* **What to produce**
Of all the entries below, retype only the lines from the one with "Саженцы ракитника гибридного" through the one with "ホラー / PSX スタイルをテーマにしたウォッチフェイスです。アニメーション化された低ポリ頭蓋骨と", exactly as they appear.

* **Dataset records**
########################################

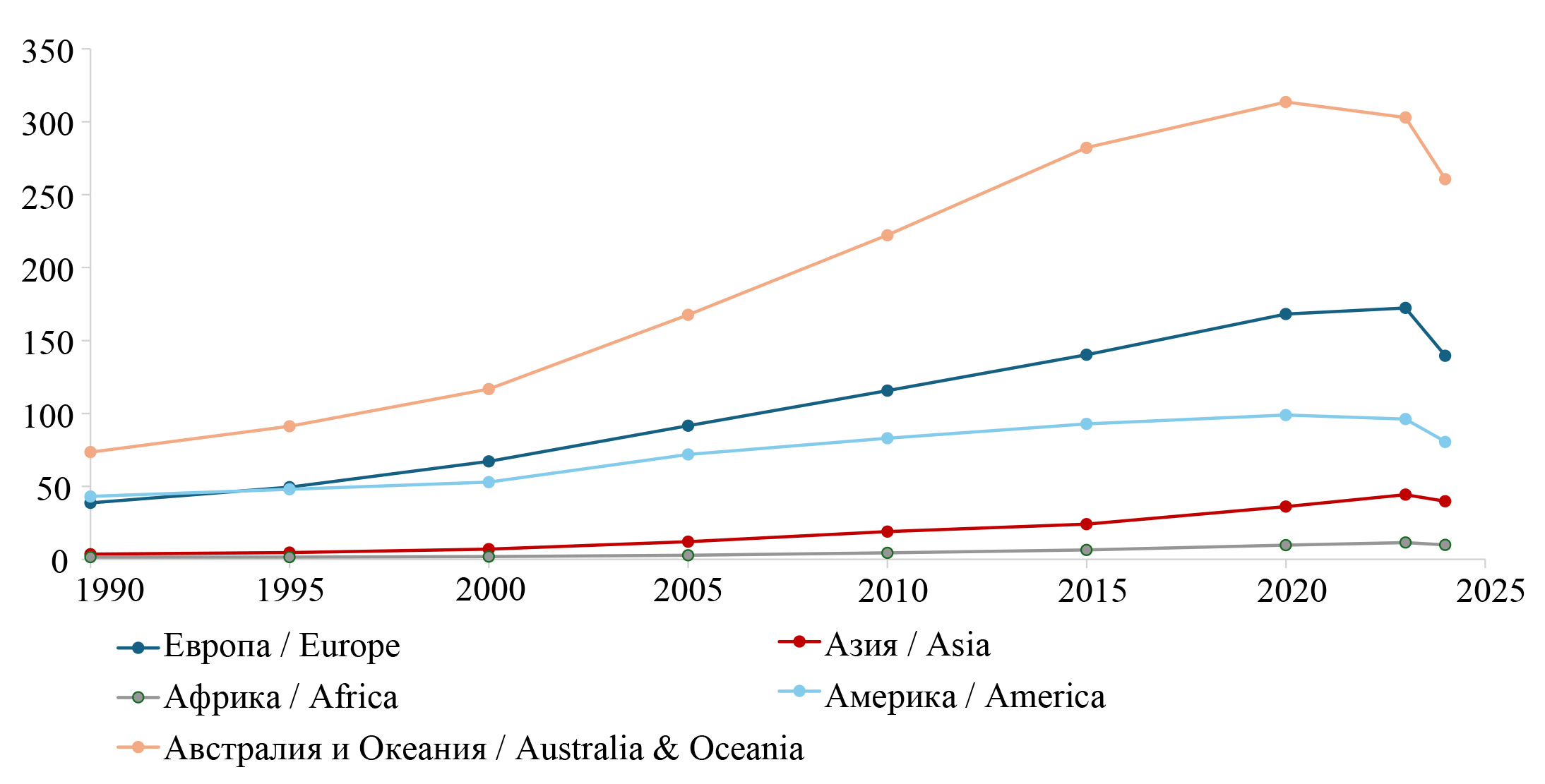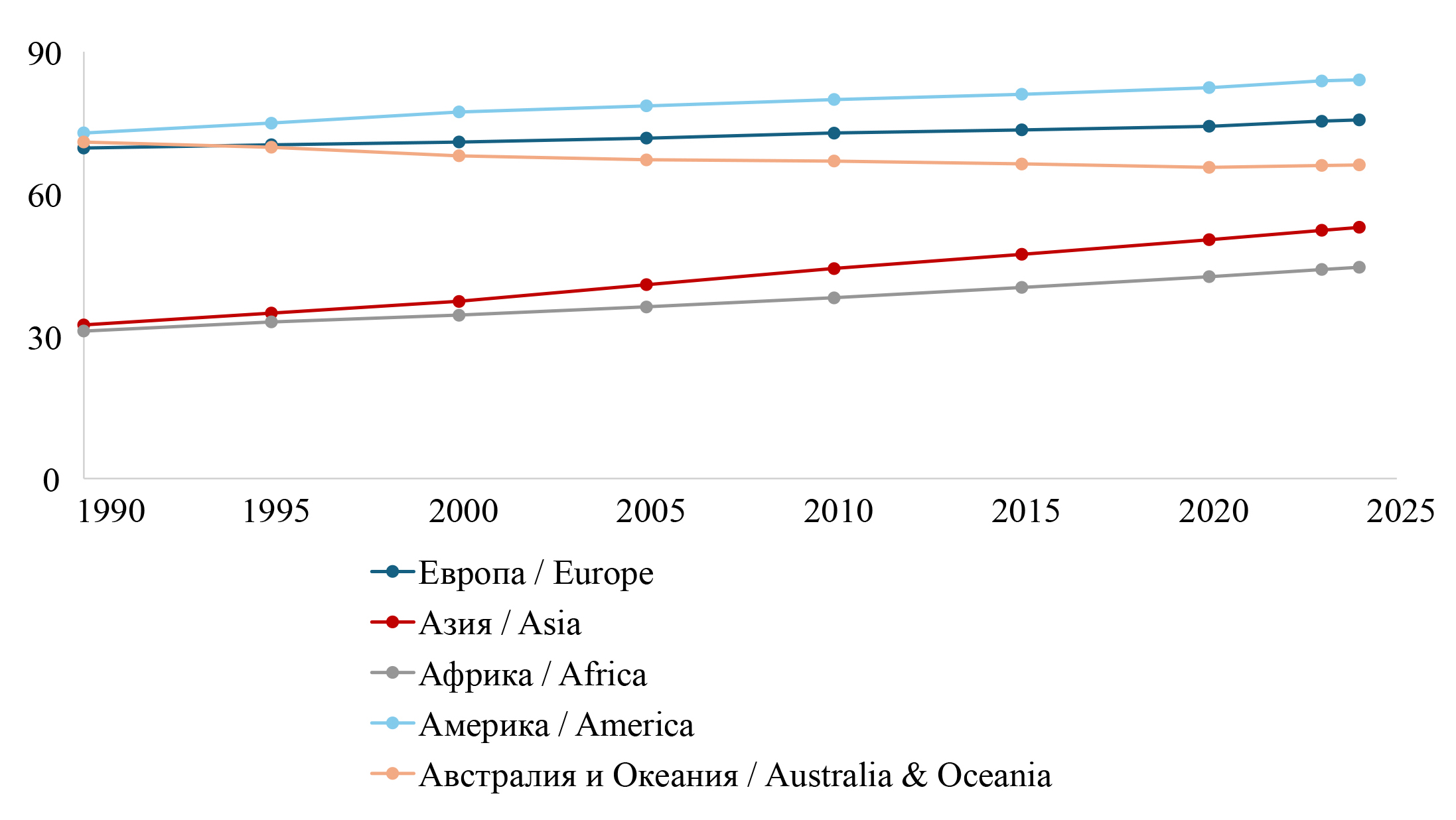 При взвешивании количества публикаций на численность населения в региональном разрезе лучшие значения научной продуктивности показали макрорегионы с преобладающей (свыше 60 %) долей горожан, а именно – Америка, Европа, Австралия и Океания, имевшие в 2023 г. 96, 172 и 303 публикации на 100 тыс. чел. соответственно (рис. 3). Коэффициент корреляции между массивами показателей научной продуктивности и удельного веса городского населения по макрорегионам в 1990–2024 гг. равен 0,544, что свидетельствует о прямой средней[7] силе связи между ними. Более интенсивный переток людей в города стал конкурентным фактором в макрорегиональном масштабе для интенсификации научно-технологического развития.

########################################

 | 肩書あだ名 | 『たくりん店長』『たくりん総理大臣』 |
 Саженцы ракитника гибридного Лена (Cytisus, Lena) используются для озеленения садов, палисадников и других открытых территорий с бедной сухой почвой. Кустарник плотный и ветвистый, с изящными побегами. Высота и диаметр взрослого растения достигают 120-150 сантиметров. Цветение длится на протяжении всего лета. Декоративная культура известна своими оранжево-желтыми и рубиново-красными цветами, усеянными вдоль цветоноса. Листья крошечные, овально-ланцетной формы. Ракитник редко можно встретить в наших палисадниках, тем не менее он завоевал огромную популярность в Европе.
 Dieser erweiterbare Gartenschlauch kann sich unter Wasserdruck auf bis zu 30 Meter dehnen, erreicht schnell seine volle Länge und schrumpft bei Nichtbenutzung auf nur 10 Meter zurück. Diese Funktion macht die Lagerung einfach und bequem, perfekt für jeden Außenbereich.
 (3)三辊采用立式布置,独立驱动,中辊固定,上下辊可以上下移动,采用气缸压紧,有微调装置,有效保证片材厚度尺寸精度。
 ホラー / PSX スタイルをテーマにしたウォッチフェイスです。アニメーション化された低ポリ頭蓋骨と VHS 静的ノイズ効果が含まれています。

########################################

* **Finished task**
 Саженцы ракитника гибридного Лена (Cytisus, Lena) используются для озеленения садов, палисадников и других открытых территорий с бедной сухой почвой. Кустарник плотный и ветвистый, с изящными побегами. Высота и диаметр взрослого растения достигают 120-150 сантиметров. Цветение длится на протяжении всего лета. Декоративная культура известна своими оранжево-желтыми и рубиново-красными цветами, усеянными вдоль цветоноса. Листья крошечные, овально-ланцетной формы. Ракитник редко можно встретить в наших палисадниках, тем не менее он завоевал огромную популярность в Европе.
 Dieser erweiterbare Gartenschlauch kann sich unter Wasserdruck auf bis zu 30 Meter dehnen, erreicht schnell seine volle Länge und schrumpft bei Nichtbenutzung auf nur 10 Meter zurück. Diese Funktion macht die Lagerung einfach und bequem, perfekt für jeden Außenbereich.
 (3)三辊采用立式布置,独立驱动,中辊固定,上下辊可以上下移动,采用气缸压紧,有微调装置,有效保证片材厚度尺寸精度。
 ホラー / PSX スタイルをテーマにしたウォッチフェイスです。アニメーション化された低ポリ頭蓋骨と VHS 静的ノイズ効果が含まれています。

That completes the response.